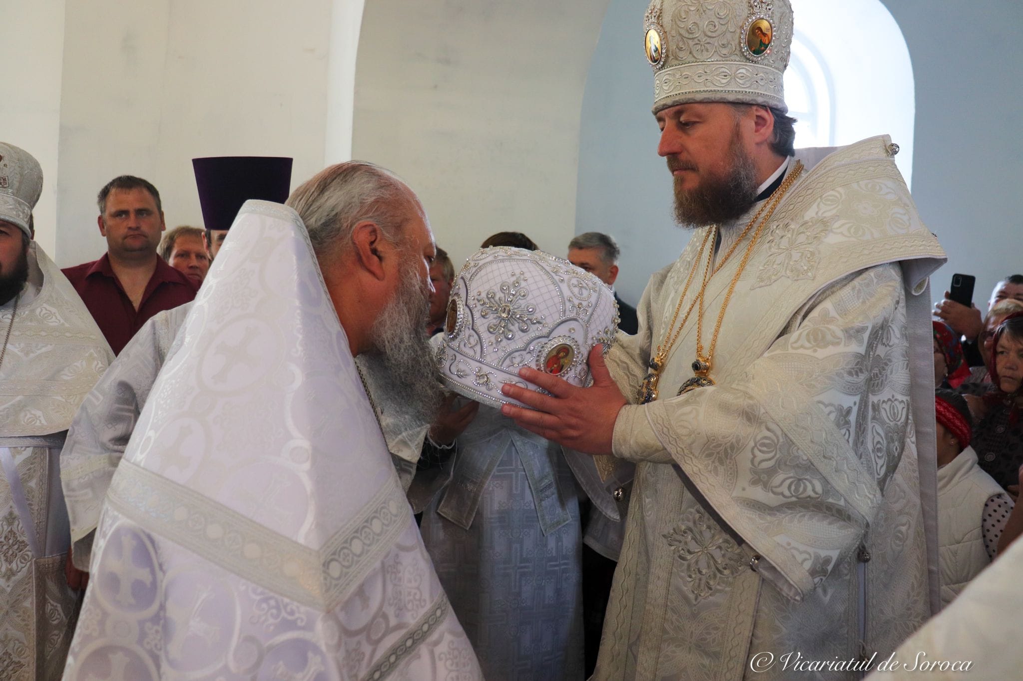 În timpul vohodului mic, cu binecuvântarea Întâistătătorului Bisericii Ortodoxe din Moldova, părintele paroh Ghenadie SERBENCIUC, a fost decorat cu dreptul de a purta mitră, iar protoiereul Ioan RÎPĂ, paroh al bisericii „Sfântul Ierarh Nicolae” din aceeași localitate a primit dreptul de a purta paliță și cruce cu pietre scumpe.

◇ ◇ ◇ ◇

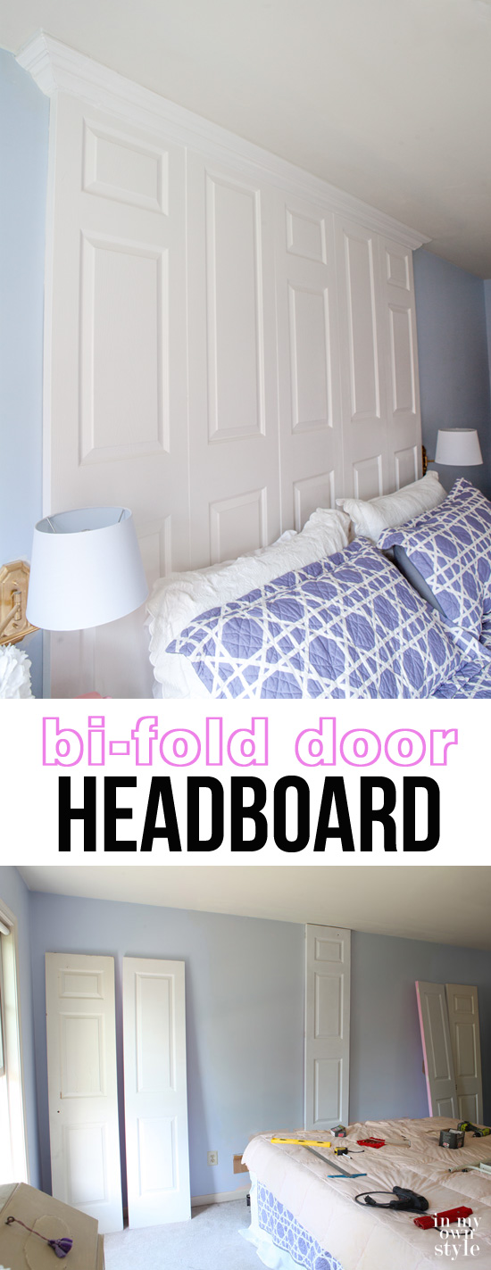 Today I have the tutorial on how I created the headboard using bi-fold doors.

◇ ◇ ◇ ◇

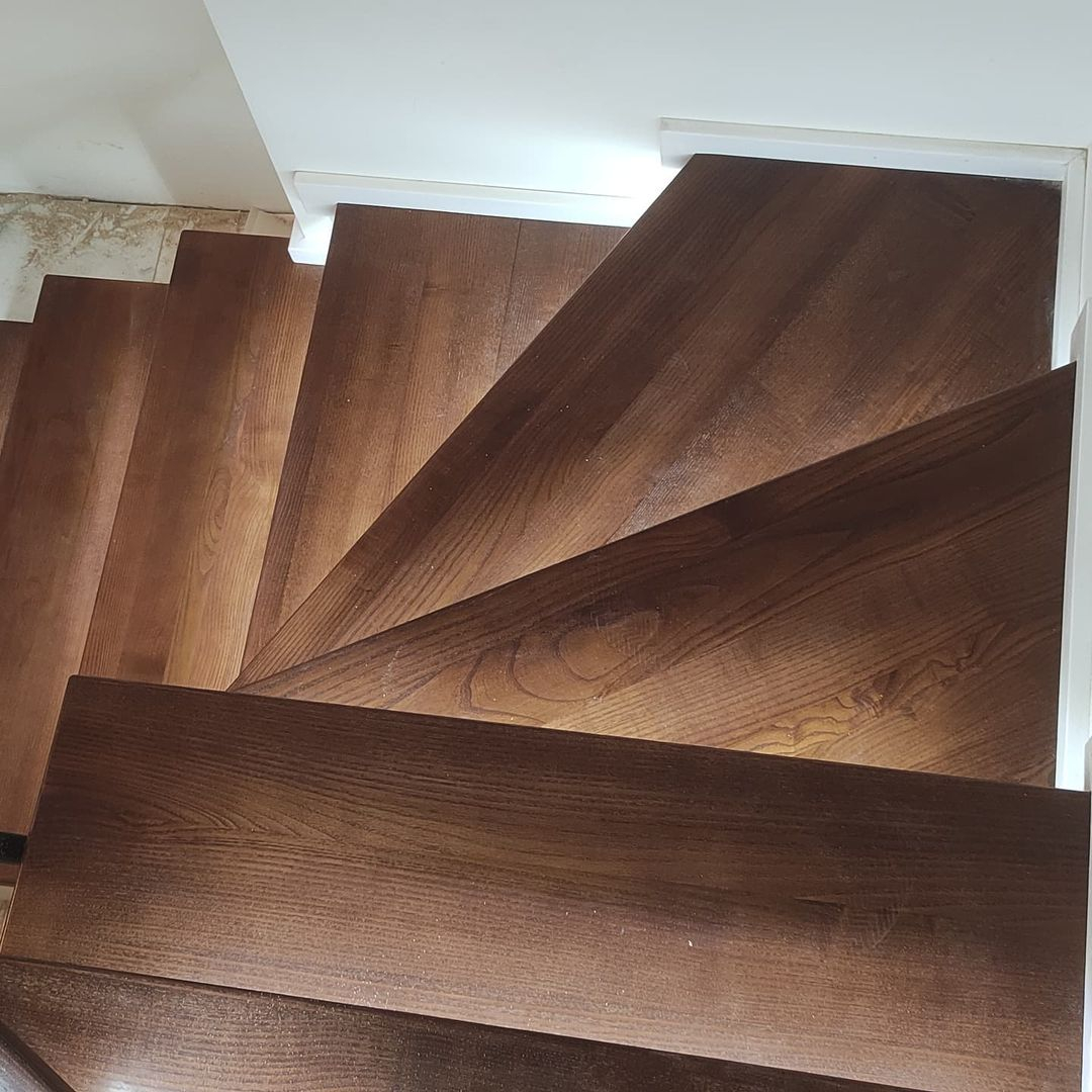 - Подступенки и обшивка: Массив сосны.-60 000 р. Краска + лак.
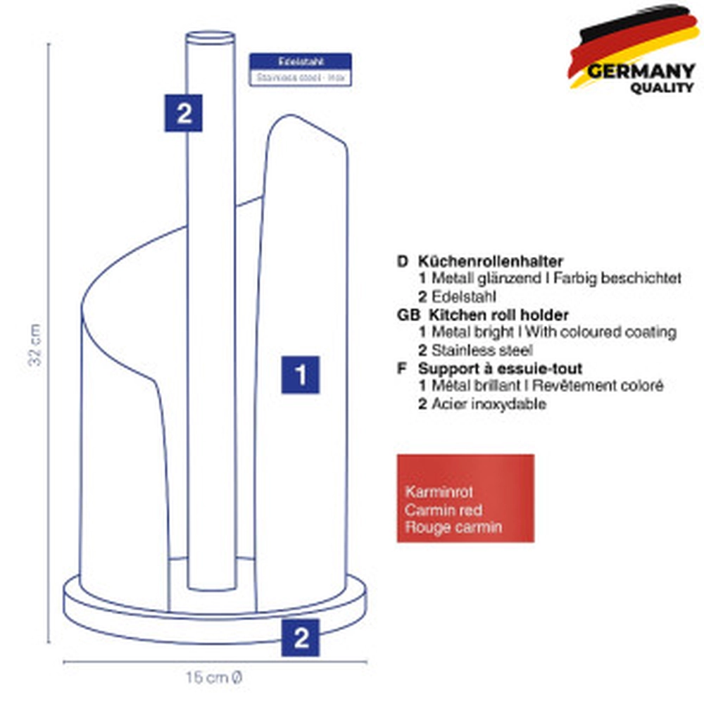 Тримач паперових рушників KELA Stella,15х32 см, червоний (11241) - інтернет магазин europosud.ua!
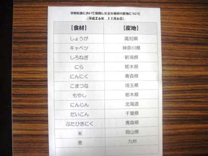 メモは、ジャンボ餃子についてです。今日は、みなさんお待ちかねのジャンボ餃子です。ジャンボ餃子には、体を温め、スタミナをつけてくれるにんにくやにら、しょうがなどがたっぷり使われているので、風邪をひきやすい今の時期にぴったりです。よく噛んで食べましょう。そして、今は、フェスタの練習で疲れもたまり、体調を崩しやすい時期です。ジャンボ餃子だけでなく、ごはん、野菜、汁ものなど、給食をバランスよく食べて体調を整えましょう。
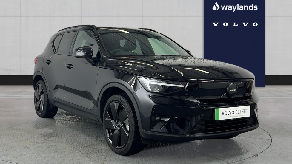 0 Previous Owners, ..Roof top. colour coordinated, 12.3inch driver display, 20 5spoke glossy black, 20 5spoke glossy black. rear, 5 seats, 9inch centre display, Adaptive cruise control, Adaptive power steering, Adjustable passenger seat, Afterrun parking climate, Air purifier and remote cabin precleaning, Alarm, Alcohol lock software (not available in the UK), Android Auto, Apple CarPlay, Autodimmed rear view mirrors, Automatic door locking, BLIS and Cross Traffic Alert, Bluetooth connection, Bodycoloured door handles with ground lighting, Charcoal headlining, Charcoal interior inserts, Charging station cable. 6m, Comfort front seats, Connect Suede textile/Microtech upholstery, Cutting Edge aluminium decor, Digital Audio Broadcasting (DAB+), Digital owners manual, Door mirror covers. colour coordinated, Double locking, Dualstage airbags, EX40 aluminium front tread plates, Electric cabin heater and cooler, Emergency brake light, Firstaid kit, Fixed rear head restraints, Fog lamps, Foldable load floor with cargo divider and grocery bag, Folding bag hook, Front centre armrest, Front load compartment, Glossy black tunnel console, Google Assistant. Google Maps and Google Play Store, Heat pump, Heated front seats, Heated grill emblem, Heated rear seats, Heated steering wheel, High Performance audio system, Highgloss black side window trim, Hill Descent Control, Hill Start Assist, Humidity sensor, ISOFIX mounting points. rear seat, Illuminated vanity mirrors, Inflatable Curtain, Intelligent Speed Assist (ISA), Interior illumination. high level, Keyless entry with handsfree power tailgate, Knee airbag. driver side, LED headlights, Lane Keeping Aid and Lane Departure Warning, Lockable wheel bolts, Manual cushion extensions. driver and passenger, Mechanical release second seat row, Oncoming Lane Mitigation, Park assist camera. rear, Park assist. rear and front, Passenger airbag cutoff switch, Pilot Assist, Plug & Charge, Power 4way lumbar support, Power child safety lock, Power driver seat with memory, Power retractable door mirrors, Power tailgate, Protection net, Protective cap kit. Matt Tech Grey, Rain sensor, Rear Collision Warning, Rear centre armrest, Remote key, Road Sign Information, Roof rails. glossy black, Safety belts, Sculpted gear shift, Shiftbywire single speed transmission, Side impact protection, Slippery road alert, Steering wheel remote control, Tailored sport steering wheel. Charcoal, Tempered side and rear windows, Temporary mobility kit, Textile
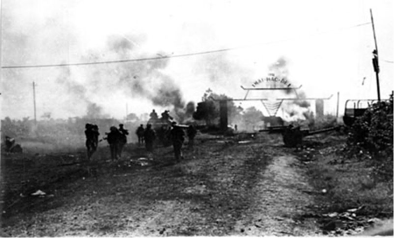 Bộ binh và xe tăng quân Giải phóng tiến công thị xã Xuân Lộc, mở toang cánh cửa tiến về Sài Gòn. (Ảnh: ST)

◇ ◇ ◇ ◇

**What is expected**
Starting at the line with "Тримач паперових рушників" in the entries above, write out every line exactly until the line with "メモは、ジャンボ餃子について" has been written. Include no pictures and nothing more.

**Solution for this problem**
 Тримач паперових рушників KELA Stella,15х32 см, червоний (11241) - інтернет магазин europosud.ua!
 メモは、ジャンボ餃子についてです。今日は、みなさんお待ちかねのジャンボ餃子です。ジャンボ餃子には、体を温め、スタミナをつけてくれるにんにくやにら、しょうがなどがたっぷり使われているので、風邪をひきやすい今の時期にぴったりです。よく噛んで食べましょう。そして、今は、フェスタの練習で疲れもたまり、体調を崩しやすい時期です。ジャンボ餃子だけでなく、ごはん、野菜、汁ものなど、給食をバランスよく食べて体調を整えましょう。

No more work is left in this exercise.